The Transforming Principle

Significant progress in identifying the molecule of heredity came from a series of experiments with an entirely different aim, to produce a vaccine against pneumonia. In the early 1900s, two types of pneumonia-causing bacteria were identified. These two strains, or subtypes of pneumococcus bacteria differ in two key traits, or phenotypes. The S strain, so-called because of the “smooth” appearance of its colonies in culture, was also virulent: if injected into mice, it caused an infection, and the mice died of pneumonia. The physical appearance of the bacteria and the effect on mice are both phenotypes. However, the R strain, which had a “rough” appearance in culture, did not cause an infection, and thus this strain has a nonvirulent phenotype. In a study published in 1928, the pathologist Frederick Griffith showed that the S strain could be made non-virulent if heated to 60°C to kill the bacteria—when mice were injected with heat-killed S strain bacteria, they also survived.
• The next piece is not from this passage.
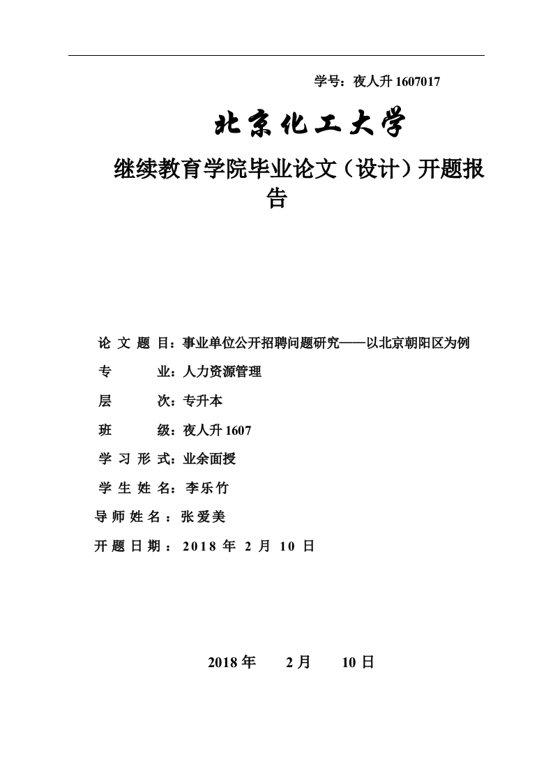 学号:夜人升1607017北京化工大学继续教育学院毕业论文(设计)开题报告论文题目:事业单位公开招聘问题研究一以北京朝阳区为例专业:人力资源管理层次:专升本班级:夜人升1607学习形式:业余面授学生姓名:李乐竹导师姓名:张爱美开题日期:2018年2月10日2018年2月10日目录一、课题来源…二、选题的性质…三、论文选题的目的和理论实践意义…四、与本选题相关的国内外研究现状,五、主要参考文献…六、分析研究的可行性、基本条件及能否取得实质性进展…七、选题的研究方法和进度安排开题报告内容一.课题来源自行命题二.选题的性质:1.理论研究(√)2.应用研究()3.应用理论研究()三.论文选题的目的和理论实践意义理论意义:事业单位公开招聘刚刚实行,因此对于事业单位公开招聘的理论研究很少。仅有的研究也只是对事业单位公开招聘中出现的问题及相应的对策做了笼统的、宽泛的论述。缺少真正深入的研究。本文通过对事业单位公开招骋问题及对策的研究,可以丰富事业单位公开招聘方面的理论研究,可以丰富事业单位人力资源管理,具有一定的理论意义。实践意义:中国的事业单位是指为社会提供公共产品和公共服务的部门,其中为社会提供服务的工作人员的素质和专业能力的高低决定了该事业单位的服务质量和大众满意度。故,对事业单位招聘人员问题的研究,有着必要的实践意义。四.与本选题相关的国内外研究现状,预计可能的研究突破和创新点(一)国外研究现状James Cliford(2015)认为职位分析是人员招募的起始点。科学合理的人力资游管理过程始于在一个职位上这个任职者所需承担的工作职责,满足该职位工作需要任职者需具备的个人特征,职位分析就是确定承担职责和所需特征的过程。GaryDessler(2016)同样认为人员招募的前提是在职位分析基础上的人员规划,科学合理的人员规划与预测是有效招募的必要保障。在明确了需要招募的职位需要补充什么样的人并形成相应的任职资格说明书后,建立相应的候选人才库,运用测试工具淘汰大多数申请者,最后通过面试做出最终选择。DonaldE.Klingner和JohnNalbandian(2017)将公共部门人员招募分为集中型、分散2

Strikingly, however, when heat-killed S strain bacteria (nonvirulent) were combined with living R strain bacteria (nonvirulent) before injection into mice, the mice died. Moreover, the living bacteria recovered from the dead mice resembled S strain bacteria. Griffith suggested that some substance from the killed S strain bacteria was able to change, or transform, the characteristics of the R strain bacteria, turned them into S strain bacteria. The results of these experiments are summarized in Table 4.1.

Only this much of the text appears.